Only Believers Pray


Larry D. Harvey

Recent public discourse has seen a great deal of homage given to what has been labeled "prayer". The term has been bandied about in public speech, political races, court cases, and around flag poles at schools. As I listen to all of this, I can not help but wonder whether or not the word "prayer" is being used without any regard to its definition. I should also ask myself whether or not the Lutheran Church-Missouri Synod is contributing to any misuse of the word and disregarding the Scriptures in so doing.

There is no doubt that throughout the history of the church, one of Satan's most effective devices has been to steal and then pervert terms used to precisely identify and confess the sound teachings of the Scriptures. If Satan is successful in so doing, he is all the more effective in leading people away from Christ Crucified and into eternal death. We have seen such with terms such as "grace", "spiritual", "baptism", and so many other terms used to express the articles of faith. I fear we are surrendering "prayer" to Satan's definition, as well.
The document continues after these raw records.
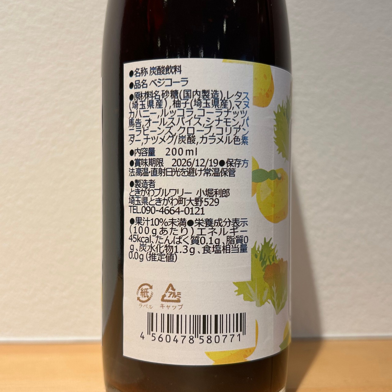 埼玉県の毛呂山町産の桂木ゆずとスマイル農場で生産した安心野菜(レタス3種とルッコラ)を使ったクラフトコーラ「ベジコーラ」です。
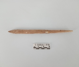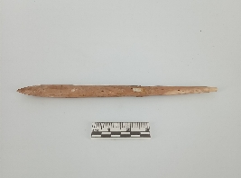 | Description / विवरण | A slender, elongated bone pin most likely to be an awl. It has tapering towards one end, giving it a pointed tip, while the other end is slightly broader and flatter. The surface appears yellowish and shows signs of wear, smoothing, and some small pitting, consistent with long use and age. |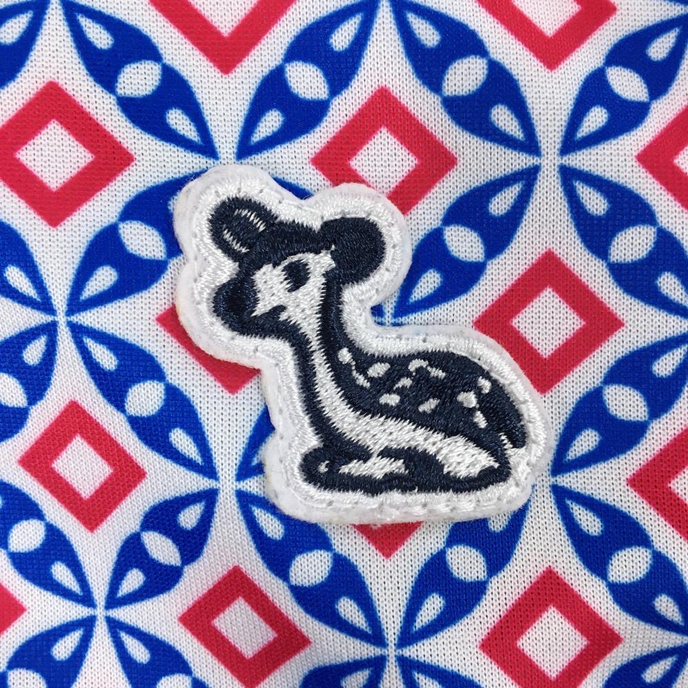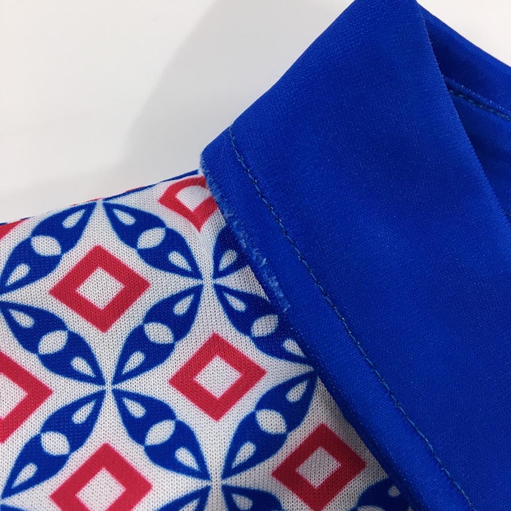 【美品】エフィカス 半袖ポロワンピース 白×ブルー×レッド 総柄 レディース 2(M) ゴルフウェア efficace

Simply put, the question that Christians should answer on this issue is whether or not we have endorsed the concept that "prayer" is nothing more than any utterance, thought, desire, or impulse directed to a particular individual's view of a sovereign power greater than the individual? If we have, then we have surrendered to Satan this great gift from the True God and all the promises attached to that gift.
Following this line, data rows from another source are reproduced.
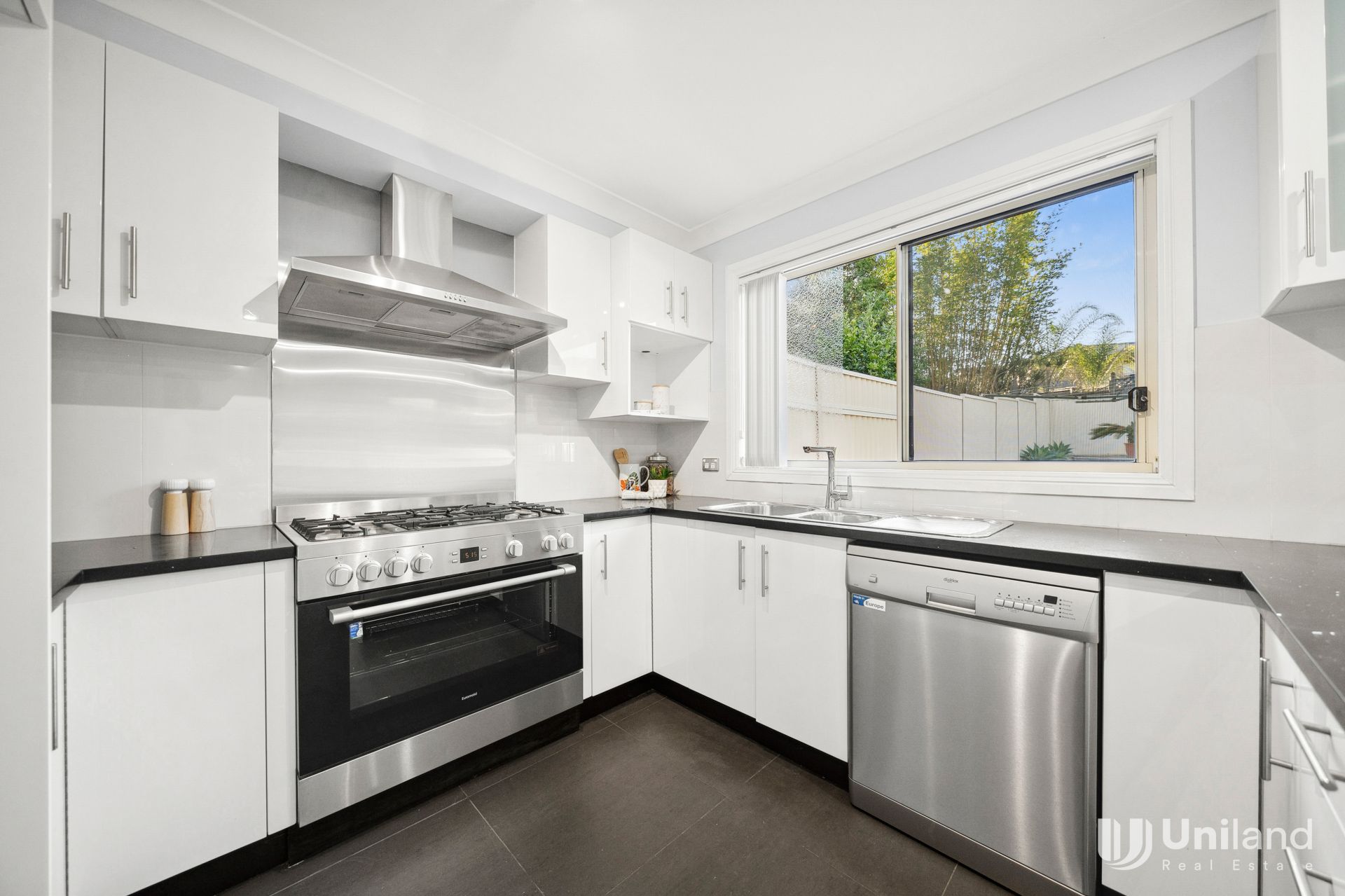 -Gourmet gas kitchen with stone benchtop and quality appliances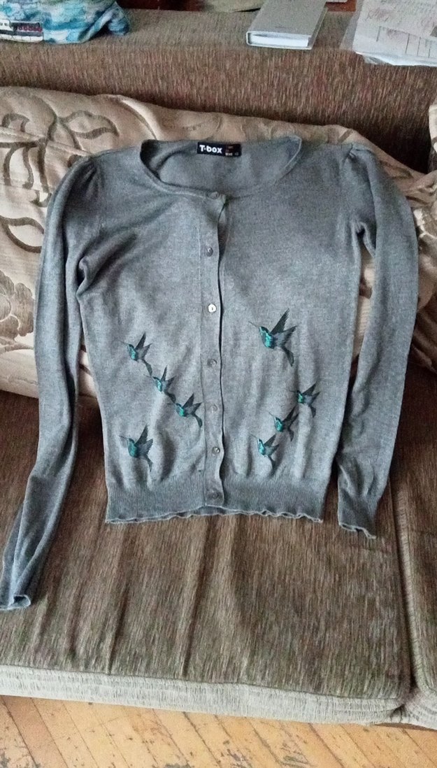 Düğmeli, uzun kollu, yuvarlak yakalı gri triko hırka. Nakışlı kuş desenleriyle günlük kullanıma uygun, rahat ve şık bir parça. marka temsilidir.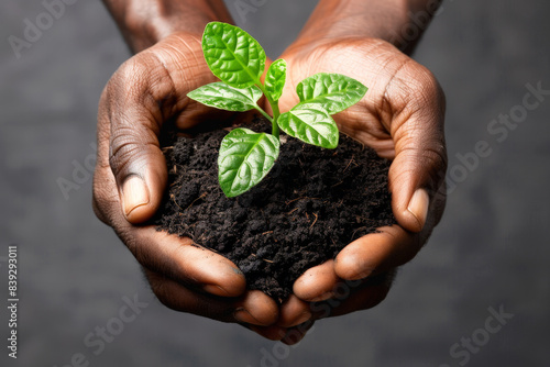 An inspiring image focusing on a pair of black hands nurturing a young green plant in a clump of rich soil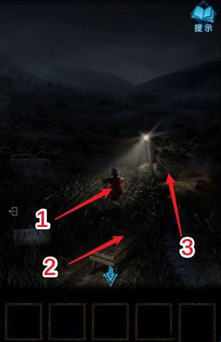 10、走出院子,点击地里的稻草人得到【飘带】,使用铡刀将【飘带】斩断(进行一段剧情后才能用),成【三段飘带】,使用【三段飘带】捆绑旁边的稻草,得到【一捆稻草】,最后使用【一捆稻草】修复稻草人,得到【火钳】。
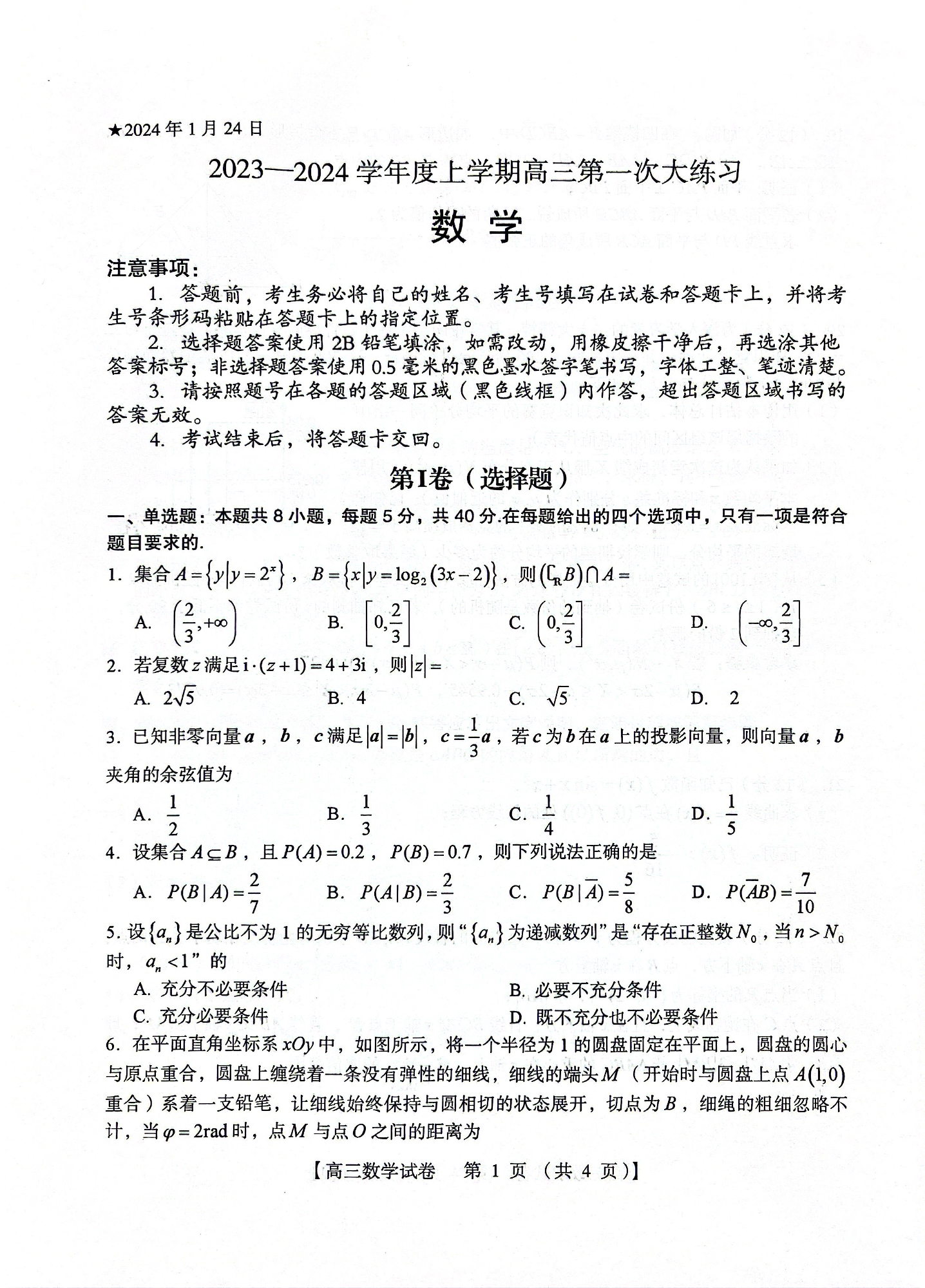 河南省三门峡市2023-2024学年度高三第一次大练习数学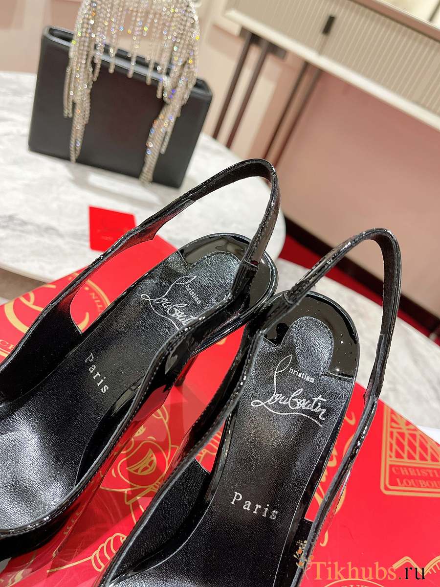 Christian Louboutin Hot Chick Black Patent Sling 100 mm Heel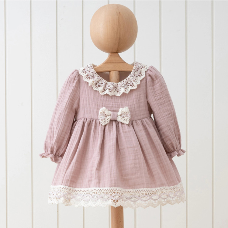 پیراهن دخترانه مجلسی ترک طرح دانتل دورنگ جلو پاپیون...............................19055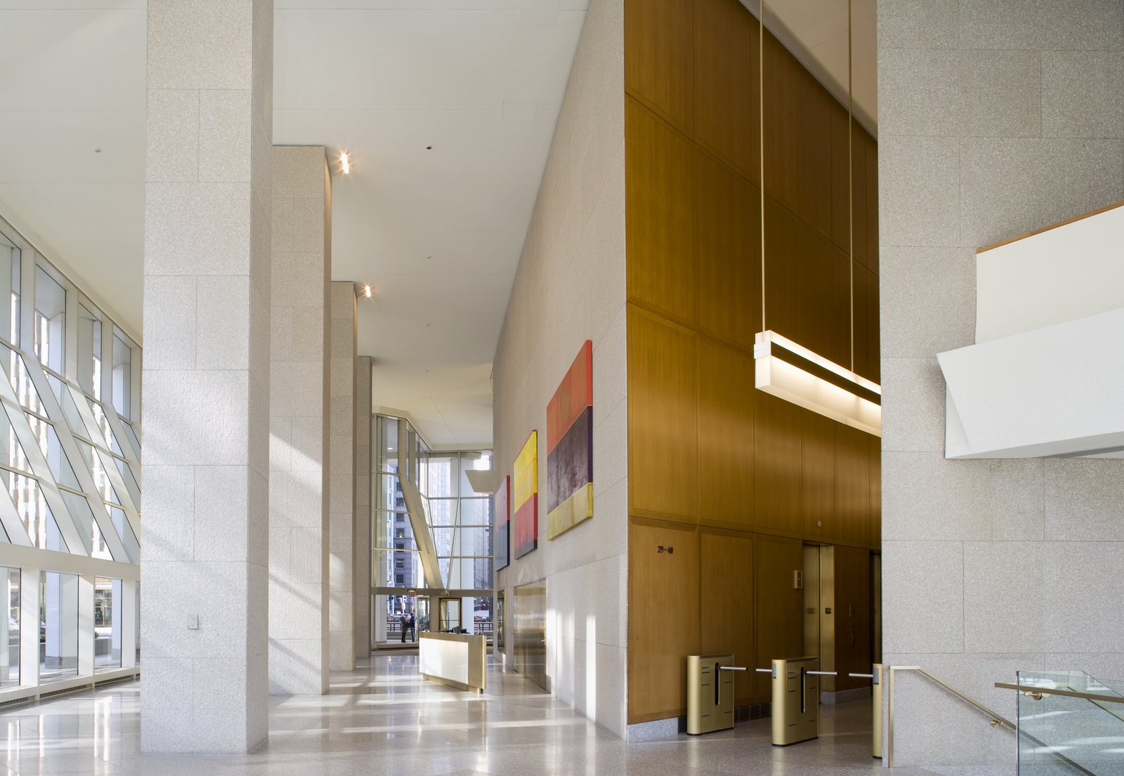 The 200 South Wacker building was originally designed by Harry Weese & Associates and completed in 1981. As the building changed owners several times in the mid- to late 2000s, Goettsch Partners worked with a series of different clients to help reposition the 756,600-square-foot property. Work included the removal of a previous unsympathetic remodeling, restoration of lighting and finish concepts, the addition of a new parking garage, security enhancements, and tenant amenities including a health club and restaurant.

First and foremost, prayer, as defined and given by the Triune God, and revealed only in His Word, is totally predicated on Saving Faith, i.e. faith in the vicarious satisfaction of Christ Jesus. Prayer is the heart-beat of Saving Faith (Koehler, p. 165). If there is no Saving Faith present within the individual offering that utterance, thought, desire, or impulse, then there is no prayer occurring. That is not to say that our Lord does not hear that utterance or thought or know that desire or impulse any more than He would fail to hear a clap of thunder or the babble of fools. Instead it is received by Him as an offense against Him, and none of His gracious promises are attached to it. The unbeliever's "prayer" is nothing more than the continued rejection of Christ Crucified and therefore no prayer at all.

Saving Faith is Justifying Faith, "the unique means and instrument through which we lay hold on the righteousness of Christ, receive it, and apply it to ourselves". (Chemnitz, Vol. II, 490) To be a man of faith means to be a man justified. Therefore, to be a man of prayer, one must first be a man justified. We can not allow prayer to be rooted in any teaching except justification.

The doctrine of justification is the very heart of Confessional Lutheran Theology, because it is the central theme of all that is revealed in the Scriptures. (Pieper, Vol. II, 512 et.seq.) As Martin Chemnitz said, "Paul everywhere describes the article of justification as a judicial process wherein the conscience of the sinner, accused before the tribunal God by the divine law, convicted, and subject to the sentence of eternal damnation, flees to the throne of grace and is restored, absolved, and freed from the sentence of eternal damnation and received to eternal life for the sake of the obedience and intercession of the Son of God, our Mediator, which is laid hold of and made one's own through faith." (Chemnitz, Vol. II, 480)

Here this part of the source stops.